Think of the widely different kinds of knowledge human beings have. I know that there was a French revolution. I know my wife. I know how to play guitar. I know where my school is. So, though I certainly do have 'propositional knowledge' (knowledge that something is or isn't the case), that is only a tiny piece of my knowledge. Much of my knowledge is in fact skill at navigating the world, or a certain relational one-ness with the object of my knowledge.
I can form propositions about my wife if I have to, but my knowledge of her is primarily a function of my having lived with her day to day for the past 3+ years.

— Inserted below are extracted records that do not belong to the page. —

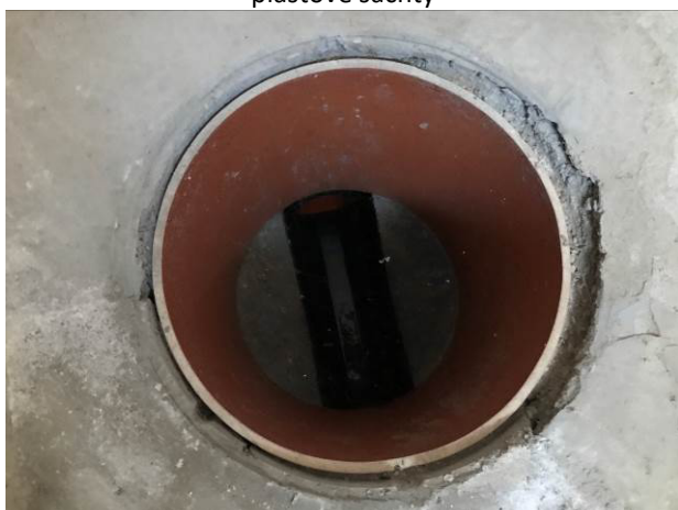
Foto č.15 – Šachta ve skladu zimního vybavení – blíže k obvodovému zdivu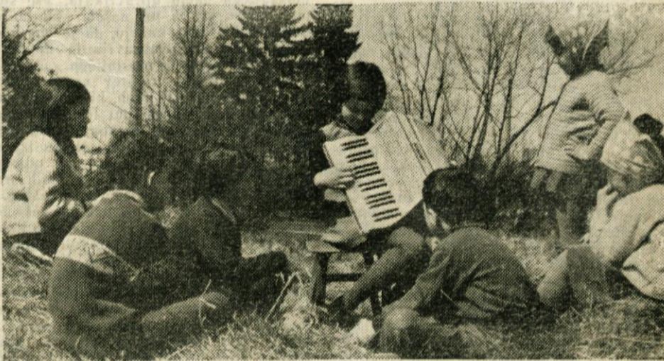
Mladina čestita za praznik dela — 1. maj delovnim ljudem vsega sveta!

Številna podjetja bodo prodajala svoje izdelke po izrednih — znižanih cenah.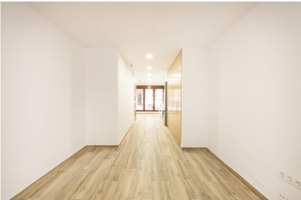
_MR_1128 copia 2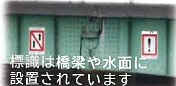
標識は橋梁や水面に設置されています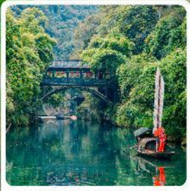
หมู่บ้านซานเสี่ยเหรินเจีย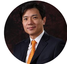
李彦宏 董事长兼CEO 百度公司

So what happens when traditional epistemologists privilege propositional knowledge? Well, they take it to be the only form of 'true' knowledge, and therefore attribute IT and only IT to God (since God is, after all, a perfect being--wouldn't want to attribute improper forms of knowledge to the deity, right?). And what we end up with then, is a picture of God 'knowing' the world, and 'knowing' us at arm's length. God knows us propositionally.
But think about how omniscience could better be described relationally. Instead of my relationship with God being mediated by those pesky propositions, God could know me immediately, like I know my friends and my world. Propositions are a byproduct of the world and of thought, not the primary instance of knowledge. Therefore God's omniscience isn't primarily a doctrine about God's relationship to the set of all true propositions, but is rather a doctrine about God's relationship to the world.
God is all-loving, therefore God knows all, and this kind of knowledge is also presence with--God knows us because God lives in our midst, so to speak. God's omniscience is not the knowledge of a distant sovereign, but is rather the deep knowledge of love. God loves us and the whole Creation. Therefore God's omniscience cannot be divorced from God's omnipresence (both are aspects of God's love for the world). Propositional renderings of omniscience however, assume that God's knowledge of the world and presence in it and with it can be separated.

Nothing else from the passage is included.